As long as I’m around, they have a devoted trampoline that will always cushion their fall. It won’t stop things from hurting or protect them from harm, but it’s there.
Of course, you might be reading this and think I’m saying the bleeding obvious: Don’t all parents feel this way about their kids? And if so, why do you have to tell them all the time? Actions certainly speak louder than increasingly meaningless affirmations.
Some argue that the phrase ‘I love you’ has become so ubiquitous – casually whistled to everyone from colleagues and new acquaintances to shop assistants and particularly helpful waiters – that it feels cheap.
When presenter Stacey Solomon professed her love for her husband and son several times a minute – as well as saying it to the new families she meets – during her BBC show Sort Your Life Out recently, critics urged her to pack it in .
Are we not actually failing as parents, they argue, if we have to keep telling our increasingly spoiled children that we love them; An adequately parented child should know they are loved without the need for all the performance and verbal pats on the head?
To those people I can only say this: You are lucky. Only people who have been lucky enough to grow up taking love for granted can be so dismissive or irritated by those three little words.
Having a parent who constantly reminds you how much they love and appreciate you is a priceless gift.
Daisy with her daughter Lydia. I have always been careful to tell my children that I love them when they fail an exam or don’t get the job they wanted, she says
My girls need to know – and also hear – that my affection is not something they can win or lose, writes Daisy, pictured with her daughter Ottilie in New York,
I was five when my parents divorced. My mother, the interior designer and cookery writer Jocasta Innes, left my father Richard, a film producer, for a younger man and a life other than the one that made her so unhappy.

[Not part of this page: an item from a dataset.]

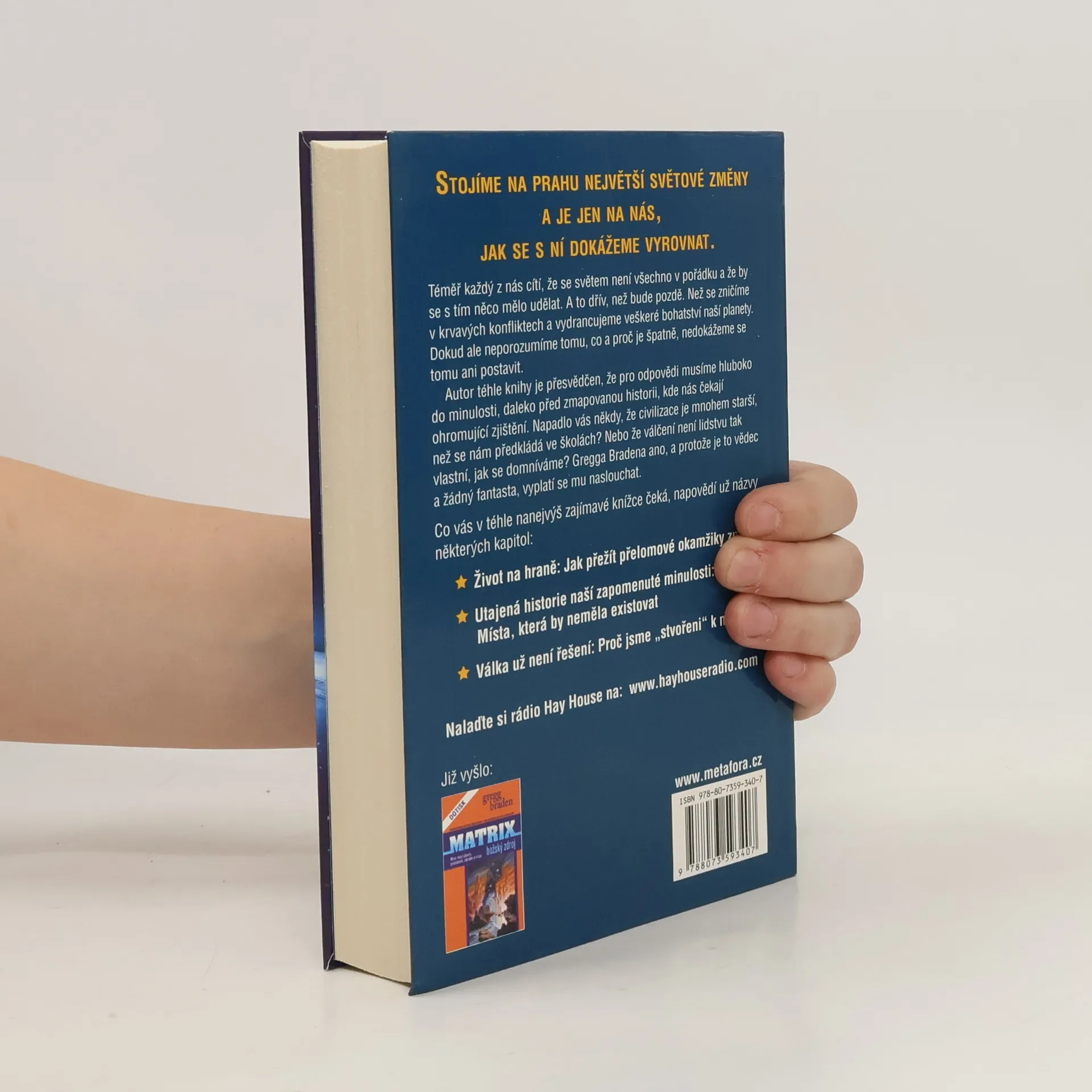 Téměř každý z nás cítí, že se světem není všechno v pořádku a že by se s tím něco mělo udělat. A to dřív, než se zničíme v krvavých konfliktech a vydrancujeme veškeré bohatství naší planety. Dokud ale neporozumíme tomu, co a proč je špatně, nedokážeme se tomu ani postavit. Pro odpovědi musíme ovšem hluboko do minulosti, daleko před zmapovanou historii, kde nás čekají ohromující zjištění. Napadlo vás někdy, že civilizace je mnohem starší, než se nám předkládá ve školách? Nebo že válčení není lidstvu tak vlastní, jak se domníváme? Gregga Bradena ano, a protože je to vědec a žádný fantasta, vyplatí se mu naslouchat. Zdá se, že historie se v obrovských cyklech opakuje a že právě teď se ke konci jednoho takového "světového věku" rychle blížíme.

As a child, the only time I remember my mother telling me she loved me was when she explained to my little brother and me that she would never live with us again.
“Don’t you love us anymore?” I asked.
“Of course I love you, you silly goose, but I have to live somewhere else,” she replied.
Even when I was five years old, I knew that when your mom tells you she loves you, there shouldn’t be any ‘buts’ involved.
I had a friend in elementary school whose mother always used to hug and kiss her at the school gate when she came out. My friend used to blush and push her away, but I remember how envious I was of the undoubted embrace.
I couldn’t help but feel that if I had been more lovable, my mother would still be living at home. It has taken me a lifetime, and my own two children, to realize that my mother’s decision to leave was just that, her decision, and that I bore no responsibility for driving her away.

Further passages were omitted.